Collected material:
Start of Block
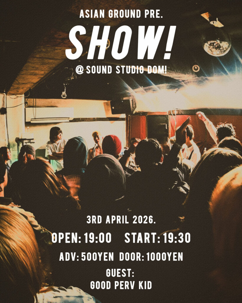 [information] ASIAN GROUND pre. "SHOW!" 【日時】 2026.04.03 (FRI) AT : Sound Studio DOM! (高円寺) OPEN : 19:00 START : 19:30 【出演】 ASIAN GROUND Guest: GOOD PERV KID [venue] …
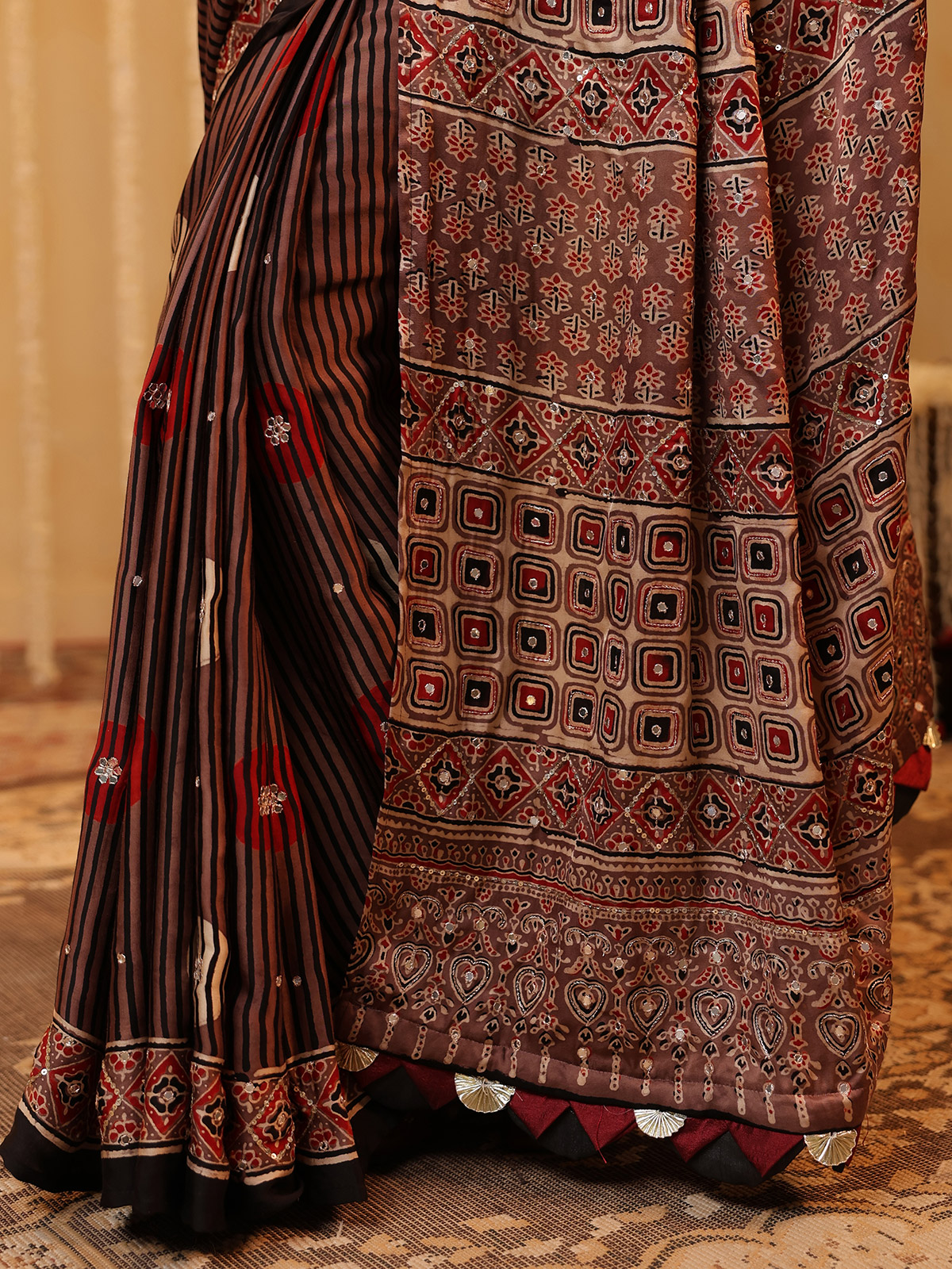 Brown Cotton Silk Printed Saree With Sequins Work For Women
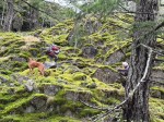 There were eight of us for this exploration of an area which is planned for logging on two sections of cut block 12-148. This was the first day we had hiked in sunshine for a very long time and we accessed a few locations we had never visited on Club hikes. We began on the steep ascent up Back Seat Driver, a little used mountain bike trail. Some of the rocky, mossy bluffs were very steep before it levelled out a bit more through the forest. We more or less followed an unnamed creek up to an old, disused logging road which we followed to the north until we arrived at the trail to Nugedzi Lakes. There were some “historic” artifacts along the way. These first two legs of the hike took us around, but not terribly close to, the southern section of the proposed cut block 12-148.
End of Block
Directions:
What you return should be the full listing, unchanged, minus the pictures.

Output below:
 [information] ASIAN GROUND pre. "SHOW!" 【日時】 2026.04.03 (FRI) AT : Sound Studio DOM! (高円寺) OPEN : 19:00 START : 19:30 【出演】 ASIAN GROUND Guest: GOOD PERV KID [venue] …
 Brown Cotton Silk Printed Saree With Sequins Work For Women
 There were eight of us for this exploration of an area which is planned for logging on two sections of cut block 12-148. This was the first day we had hiked in sunshine for a very long time and we accessed a few locations we had never visited on Club hikes. We began on the steep ascent up Back Seat Driver, a little used mountain bike trail. Some of the rocky, mossy bluffs were very steep before it levelled out a bit more through the forest. We more or less followed an unnamed creek up to an old, disused logging road which we followed to the north until we arrived at the trail to Nugedzi Lakes. There were some “historic” artifacts along the way. These first two legs of the hike took us around, but not terribly close to, the southern section of the proposed cut block 12-148.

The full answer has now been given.